Retype exactly what appears below from the line containing "good drill motor." down to the line containing "时尚百搭女鞋2025新款编织压花羊皮方头粗跟通勤套脚真皮浅口单鞋", keeping both end lines. Do not include pictures.

Supplied data:
※

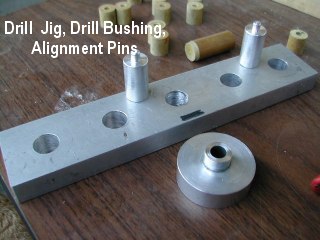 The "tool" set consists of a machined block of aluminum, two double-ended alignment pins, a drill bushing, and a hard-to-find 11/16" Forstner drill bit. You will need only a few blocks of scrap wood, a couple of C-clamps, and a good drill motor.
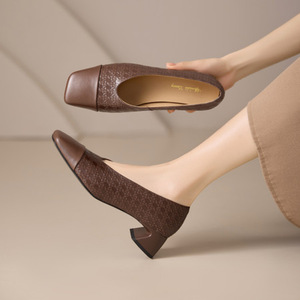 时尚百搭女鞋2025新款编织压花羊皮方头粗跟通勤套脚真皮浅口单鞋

※

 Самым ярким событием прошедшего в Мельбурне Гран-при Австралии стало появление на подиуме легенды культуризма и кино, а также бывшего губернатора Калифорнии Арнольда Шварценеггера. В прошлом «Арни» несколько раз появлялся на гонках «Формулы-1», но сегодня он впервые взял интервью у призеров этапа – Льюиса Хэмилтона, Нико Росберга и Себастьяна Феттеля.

※

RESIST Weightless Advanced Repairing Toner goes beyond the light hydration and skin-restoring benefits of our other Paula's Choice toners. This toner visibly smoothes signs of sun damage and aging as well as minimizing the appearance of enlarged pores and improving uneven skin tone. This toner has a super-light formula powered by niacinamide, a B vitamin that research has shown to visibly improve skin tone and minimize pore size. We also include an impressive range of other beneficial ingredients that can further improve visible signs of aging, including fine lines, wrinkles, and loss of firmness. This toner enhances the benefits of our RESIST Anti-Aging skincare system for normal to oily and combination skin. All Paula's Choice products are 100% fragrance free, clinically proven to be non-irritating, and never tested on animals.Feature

※

Answer below:
 The "tool" set consists of a machined block of aluminum, two double-ended alignment pins, a drill bushing, and a hard-to-find 11/16" Forstner drill bit. You will need only a few blocks of scrap wood, a couple of C-clamps, and a good drill motor.
 时尚百搭女鞋2025新款编织压花羊皮方头粗跟通勤套脚真皮浅口单鞋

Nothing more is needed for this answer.